TASK DESCRIPTION:
Leaving out the pictures, write out exactly each line from the line with "Amr being sworn" through the close of the listing below.
[DATA SEGMENT]
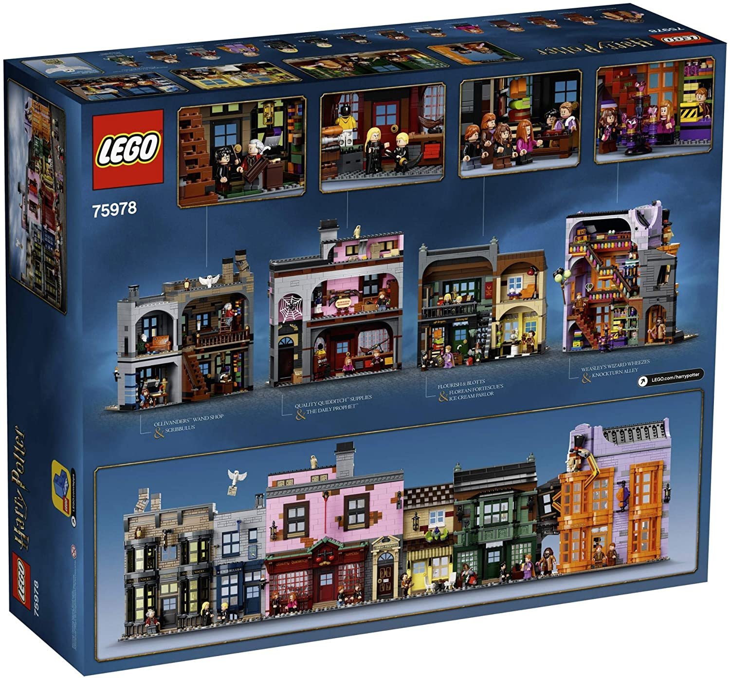 LEGO Harry Potter Diagon Alley (75978) is a stunning recreation of London’s most magical shopping street—perfect for fans of the Harry Potter films, ages 16 and up. This set features iconic shops brimming with authentic movie details. Measuring over three feet wide, the impressive model captures the grand scale and lively atmosphere of the bustling magical marketplace. Behind the magnificent façades lie detailed interiors, fun interactive features, and beloved characters. Visit Ollivander’s wand shop; stop by Gilderoy Lockhart’s book signing at The Leaky Cauldron bookstore; pick up a love potion at Weasleys’ Wizard Wheezes; browse stationery and supplies at Scribbulus; check out top-quality Quidditch gear at Quality Quidditch Supplies; treat yourself to ice cream at Florean Fortescue’s Ice Cream Parlour; and grab the latest edition of The Daily Prophet. The set includes four exclusive new minifigures: Gilderoy Lockhart, Florean Fortescue, Lucius Malfoy, and a Daily Prophet photographer.
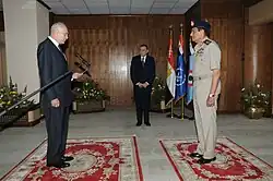 Amr being sworn in as foreign minister by Field Marshall Tantawi in July 2011
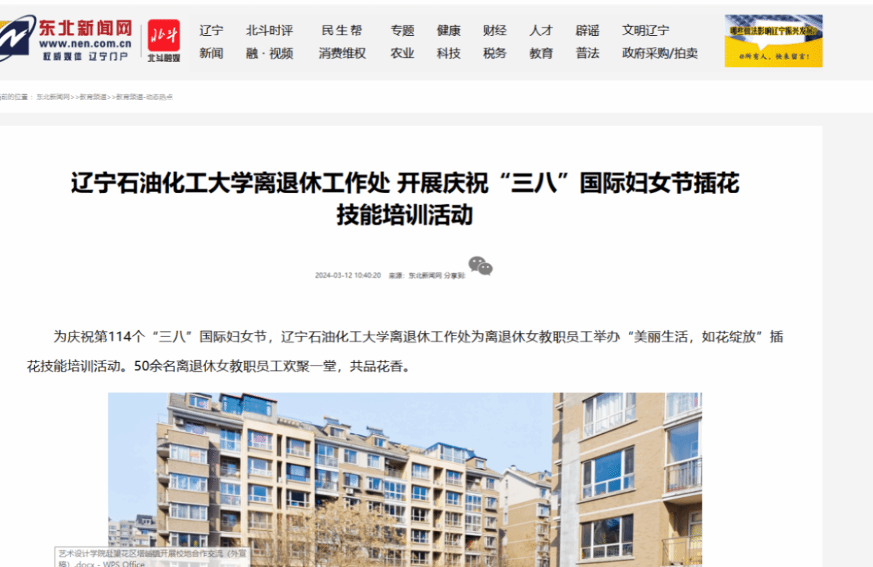 编者按:3月12日,东北新闻网、辽宁省委老干部局微信公众号、人民日报客户端·人民号、辽宁日报·辽望号、中国大学生网对我校离退休工作处开展庆祝“三八”国际妇女节插花技能培训活动进行了报道。现将相关报道转载如下:
[/DATA SEGMENT]
THE ANSWER:
 Amr being sworn in as foreign minister by Field Marshall Tantawi in July 2011
 编者按:3月12日,东北新闻网、辽宁省委老干部局微信公众号、人民日报客户端·人民号、辽宁日报·辽望号、中国大学生网对我校离退休工作处开展庆祝“三八”国际妇女节插花技能培训活动进行了报道。现将相关报道转载如下:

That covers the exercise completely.